Base colors with a wash
This is the classic approach, which gives good and clean results. You will need about 50 to 70 Minutes per model. Depending on how many base colors you use and how many details you want to paint separately. Pick 3 to 5 different base colors you want to use. Prime the model with the main base color. For Space marines this would be the color of the armor for example. Make sure the entire model is covered with this color. Add the color with a brush if the spray-can missed some parts. Then fill in any parts you want colored with the other base colors (guns, highlights, etc.). Remember, you do not need to pick out every detail, but maybe add paint the muzzle of the Bolter metallic. Leave parts that are very hard to reach in base color. You won’t see them during the game anyways. Once you blocked in all the colors your model will look pretty flat and unclean around the edges. This will change now.
Once the paint dried, apply a wash of your choice all over the miniature. Apply it generously and make sure it flows into the recessed areas on the miniature. You will have covered up the unclean edges and shaded the entire miniature in a matter of minutes. Just make sure you pick a relatively neutral wash. A black and dark brown wash will almost always work. A colored wash will tint the model, which can be desirable but doesn’t work on some color schemes. Just make sure it fits your color scheme. And you’re done. Your models will look more cleanly painted that with contrast paints and have a somewhat battle scarred look (in a good way). The shading will be really noticeable and the models will look great on the tabletop.

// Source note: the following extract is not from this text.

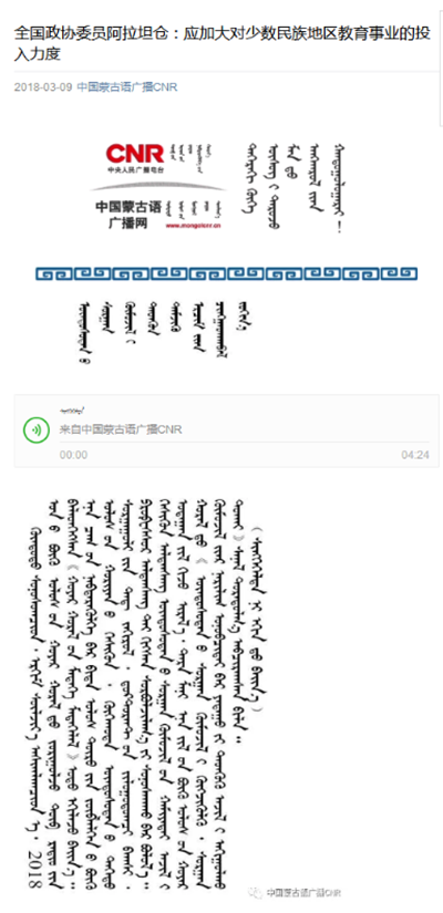 《民族畫報(bào)》、人民網(wǎng)、內(nèi)蒙古衛(wèi)視、《內(nèi)蒙古日報(bào)》(蒙漢文版)、中國蒙古語廣播電臺(tái)、內(nèi)蒙古廣播電臺(tái)(蒙漢語頻道)、內(nèi)蒙古新聞網(wǎng)等十幾家新聞媒體廣泛報(bào)道了阿拉坦倉副院長的參會(huì)議政情況,引起了社會(huì)各界的強(qiáng)烈反響。

This expands on the previous method and will take you about 90 minutes per model. Just pick around 5 base colors for your color scheme and some highlight colors for energy weapons and such. Basecoat the miniature and block in all the colors, just like before. When washing you can use different types of washes for different parts of the model. Gold looks great when washed with sepia for example. Now once the wash is dry you will add highlights to your miniature. You should be drybrushing the metallics over the now darkened metallic parts. Make that gold and silver shine again. Additionally use a lighter tone of the base colors to drybrush the edges of the model. You can drybrush in a neutral color you can use for the entire model. If you want to really go the extra mile, you can drybrush in a lighter tone of the basecoat color for each part.
The added colors and highlights will add more contrast to the model and make the army more interesting to look at as a whole.
Whatever method you decide to use. It is important to know beforehand. It starts with the choice of primer and the types of paints you buy. Once you figured out the colors you want to use just get started with one of the methods. If you realize that another method would be better for you, you can still change course. If you stay with the colors, the color scheme will still look coherent.
I hope this helped you getting into painting your Warhammer 40k army. Whatever you decide to do, anything is better than an unpainted army.